La défaillance d’une approche politique se révèle souvent par la rapidité avec laquelle ses soutiens se désengagent. Au Mali, les échecs militaires successifs face aux assauts coordonnés du Front de Libération de l’Azawad (FLA) et des djihadistes du GSIM (Groupe de soutien à l’islam et aux musulmans) ont cruellement exposé la fragilité structurelle de la junte dirigeante. En déléguant intégralement la sécurité nationale à des forces paramilitaires étrangères, les autorités de Bamako ont tristement scellé leur propre faiblesse.

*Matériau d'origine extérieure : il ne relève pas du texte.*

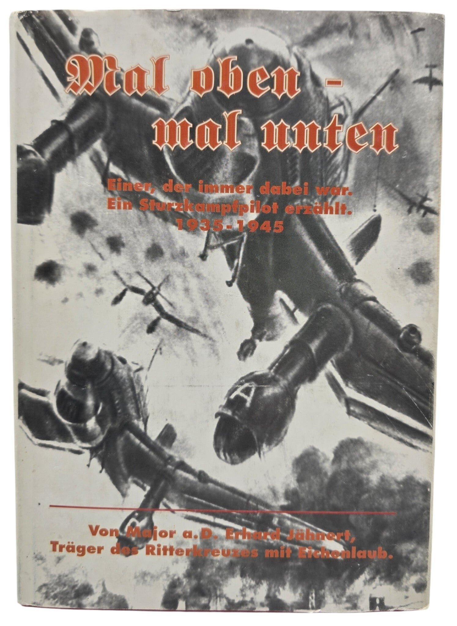 Original German Book – Mal oben - Mal unten, Erhard Jähnert, SIGNED! (1992)This book presents a personal account of a German dive bomber pilot during the Second World War, covering the years 1935 to 1945. Written by Erhard Jähnert, it offers a first-hand perspective on aerial warfare, combat missions, and the experiences of a pilot serving on the front lines. The narrative combines operational details with personal reflections, providing insight into the realities of wartime flying and the challenges faced by those involved in dive bombing operations.—Origineel Duitstalig Boek –Mal oben - Mal unten, Erhard Jähnert , Gesigneerd! (1992)Dit boek geeft een persoonlijk verslag van een Duitse duikbommenwerperpiloot tijdens de Tweede Wereldoorlog, over de periode 1935 tot 1945. Geschreven door Erhard Jähnert biedt het een directe inkijk in luchtgevechten, operationele missies en de ervaringen van een piloot aan het front. Het verhaal combineert militaire details met persoonlijke reflecties en schetst zo een beeld van de realiteit van de luchtstrijd en de uitdagingen van duikbombardementsoperaties.

Aujourd’hui, l’heure des bilans a sonné. Alors que des informations convergentes font état de pourparlers sous médiation régionale pour organiser le départ des mercenaires russes d’Africa Corps (anciennement Wagner), le pouvoir transitoire du général Assimi Goïta est confronté à un isolement sans précédent et à une menace d’asphyxie imminente.
Kidal, symbole d’une évacuation négociée
Le véritable tournant s’est produit à Kidal fin avril 2026. Cette localité stratégique du Nord, reprise avec grand renfort de communication par l’armée malienne et ses auxiliaires russes en 2023, est retombée en un clin d’œil aux mains de la rébellion. Plus humiliant encore pour le gouvernement de Bamako : les unités d’Africa Corps n’ont pas été contraintes à un retrait héroïque ; elles ont orchestré leur propre évacuation avec les insurgés, désertant leurs positions sans combattre et, dans certains cas, abandonnant même leur équipement lourd en échange d’un sauf-conduit.

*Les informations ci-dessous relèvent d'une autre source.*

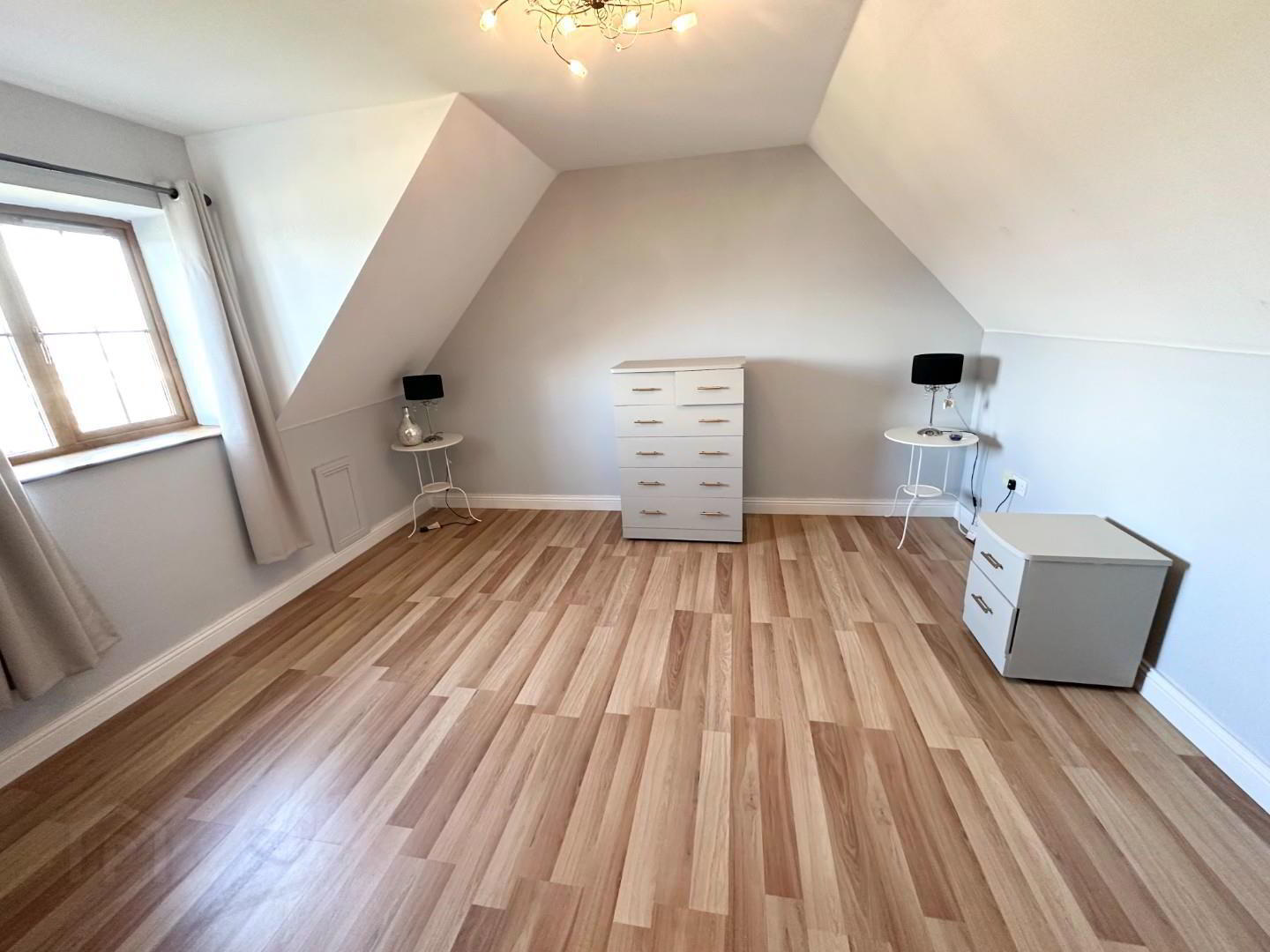 - Another large room with 10ft ceilings and grey laminate flooring and ceiling cornicing. Bay window with city views.

« Les Russes nous ont trahis à Kidal », a confié, sous le sceau de l’anonymat, un haut fonctionnaire malien, résumant le sentiment d’abandon qui prévaut au sein du gouvernement à Bamako.
Cette retraite stratégique de Moscou souligne une vérité fondamentale de la géopolitique : une force mercenaire n’agit que selon ses propres intérêts financiers et stratégiques. Elle ne sacrifie pas sa vie pour une patrie qui n’est pas la sienne. En privilégiant sa propre survie plutôt que la défense de l’intégrité territoriale du Mali, la Russie a démontré les limites de son engagement en Afrique de l’Ouest et dans la zone Sahel.